Puesto de pescado en Tarapoto

            El avión sale a las 11:55 y llega a Lima a las 5:10; teniendo en cuenta que hay una diferencia horaria de siete horas esto hace una travesía de 12:15 minutos, pero bueno, el caso es que a las nueve y media ya estamos en la cola para facturar las maletas y quitarnos ese muerto de encima. Después de diez minutos de cola llegamos los cinco a uno de los mostradores de Air Europa y en ese momento el chico que nos empieza a atender se queda mirando hemipléjico, ojiplático total, al ordenador y le comenta al compañero que está en el puesto de al lado:

- La pantalla del ordenador se me  ha quedado en blanco. ¿Y la tuya?
- Igual le pasa a la mía.
- Y a la mía, y a la mía…

Repiten a coro los cinco o seis responsables de las distintas taquillas con evidentes caras de asombro. A mí me empieza a dar mal yuyu, pero supongo que será un fallo tonto que se reestablecerá inmediatamente. Media hora más tarde ya no pienso igual y le he preguntado varias veces al responsable qué es lo que pasa y éste, con cara de póker,  como un monje lama repitiendo un mantra en una iterada letanía mientras pasa las cuencas de un rosario o como leches se llame lo que ellos utilizan, solo responde una y otra vez que “se ha caído el sistema”. ¡Qué leches significa que se ha caído el sistema! ¿Tendrán algo que ver los albañiles que están trabajando por aquí? ¿O es qué un terrorista ha cortado unos cables? ¿No se habrá quemado un fusible? ¿Tal vez un inepto programador ha metido un comando equivocado y la ha jodido inexplicablemente? ¿O acaso es que un hacker envidioso de mi viaje ha decidido boicotearlo? Me juego el cuello que es esto último; algún envidioso me está saboteando a conciencia el viaje.

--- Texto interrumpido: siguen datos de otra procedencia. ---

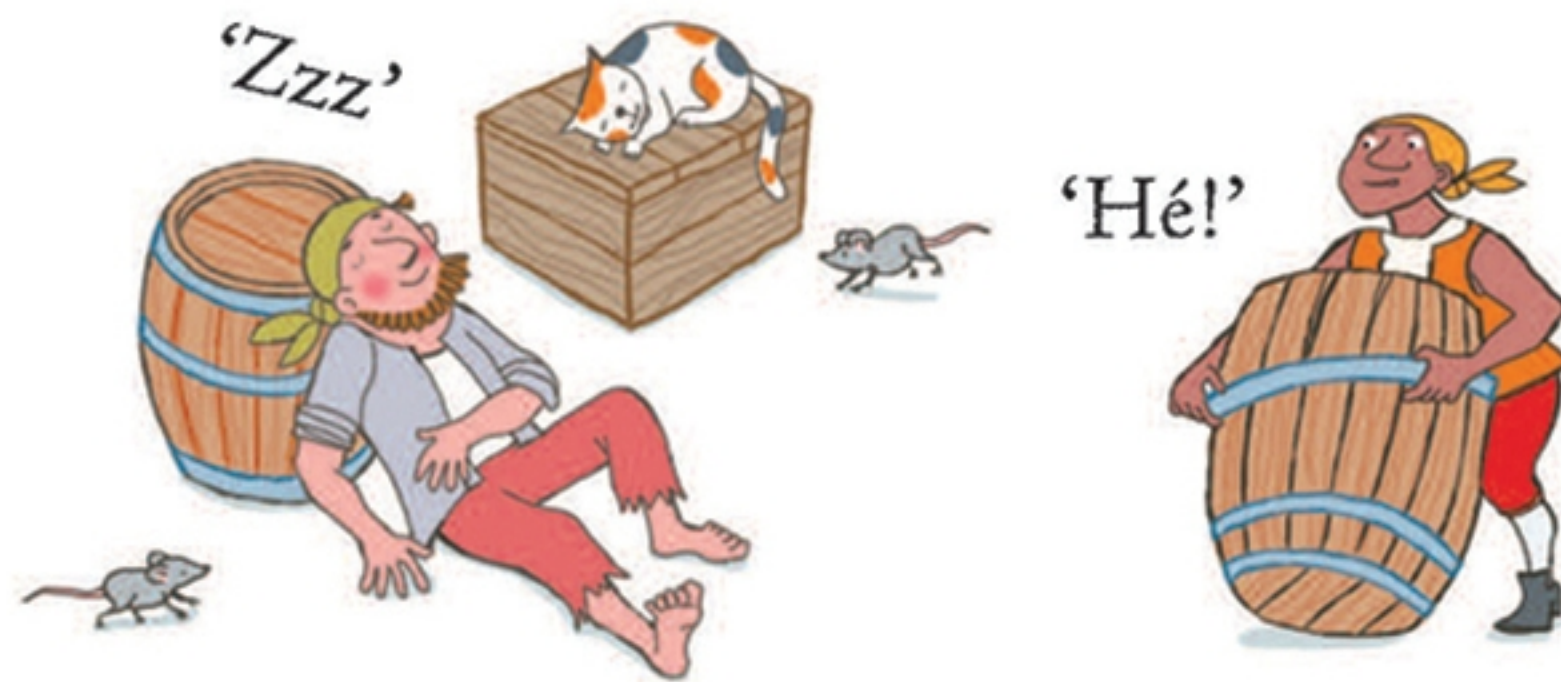
Deze piraat doet stiekem een dutje.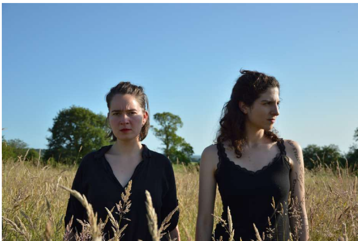
Normandie, juillet 2020, photo : Timothée Fels

compagnie B.A.L - Bold As Love association loi 1901 - créée en mars 2019 39 avenue du 6 juin 14000 Caen

Esperando esperanzados y aburridos a que el sistema dé señales de vida.

            Una hora y media después el sistema sigue por los suelos, digo caído, y sin puñeteras ganas de levantarse. Lázaro, levántate y anda, ordeno mentalmente, pero leches, ni caso; se ve que no tengo mucha ascendencia allá en lo alto. Los empleados aprovechan para salir a fumarse un cigarrito o comprarse unas chocolatinas y comentan la incidencia entre ellos en susurros, evitando las miradas asesinas que caen sobre sus cabezas. Los pobres están tan a pe como nosotros y responden como pueden (que es poco e inconexo) a las preguntas que les llueven de todos lados.

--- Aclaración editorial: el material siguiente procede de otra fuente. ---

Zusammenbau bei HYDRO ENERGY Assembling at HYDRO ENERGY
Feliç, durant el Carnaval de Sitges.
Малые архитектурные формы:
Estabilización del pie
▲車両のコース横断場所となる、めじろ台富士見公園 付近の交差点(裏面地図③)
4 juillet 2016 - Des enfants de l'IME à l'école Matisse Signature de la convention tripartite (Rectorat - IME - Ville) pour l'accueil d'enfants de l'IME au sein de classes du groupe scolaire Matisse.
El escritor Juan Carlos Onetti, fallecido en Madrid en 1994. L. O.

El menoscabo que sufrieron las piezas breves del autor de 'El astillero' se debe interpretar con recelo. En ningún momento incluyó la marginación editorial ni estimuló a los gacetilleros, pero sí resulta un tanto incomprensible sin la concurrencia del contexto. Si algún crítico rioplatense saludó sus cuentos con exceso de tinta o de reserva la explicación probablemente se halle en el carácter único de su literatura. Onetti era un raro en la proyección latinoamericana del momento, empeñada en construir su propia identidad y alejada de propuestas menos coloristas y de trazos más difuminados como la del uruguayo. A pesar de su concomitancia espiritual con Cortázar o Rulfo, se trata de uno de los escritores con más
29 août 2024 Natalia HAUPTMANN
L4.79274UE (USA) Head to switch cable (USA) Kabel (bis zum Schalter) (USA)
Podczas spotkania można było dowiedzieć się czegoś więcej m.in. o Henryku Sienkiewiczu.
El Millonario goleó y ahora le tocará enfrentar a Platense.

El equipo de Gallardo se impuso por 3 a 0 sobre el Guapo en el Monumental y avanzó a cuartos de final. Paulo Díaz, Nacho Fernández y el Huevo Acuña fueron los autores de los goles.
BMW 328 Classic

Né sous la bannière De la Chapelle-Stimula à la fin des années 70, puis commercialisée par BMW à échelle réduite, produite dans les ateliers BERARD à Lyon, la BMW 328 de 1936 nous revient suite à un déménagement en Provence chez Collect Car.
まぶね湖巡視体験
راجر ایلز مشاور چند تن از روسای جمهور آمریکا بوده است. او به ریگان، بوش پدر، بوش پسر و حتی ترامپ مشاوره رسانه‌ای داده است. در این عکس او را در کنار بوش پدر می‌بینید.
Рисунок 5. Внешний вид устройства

- Señor lo siento, pero el sistema se ha caído. Es un problema de la central que gestiona el embarque en toda España.

- Me lo explique señorita, pero en los mostradores de Iberia, de Luftansa, etc, la gente está facturando sin problema alguno y nosotros llevamos dos horas esperando que el sistema se levante de una puñetera vez.

- Cada compañía tiene su propio servidor, ya se ha informado a la central de USA para que solucione el problema y lo están gestionando lo mejor que pueden.

- ¿Me está diciendo que mi viaje depende de la prestancia de un tío perdido  en una ignota ciudad americana que, seguro, en estos momentos se está zampando una hamburguesa y una Coca-Cola? Además el vuelo sale dentro de cincuenta minutos como bien puede ver en el panel de salidas, y a este paso me dan aquí las campanadas de nochevieja.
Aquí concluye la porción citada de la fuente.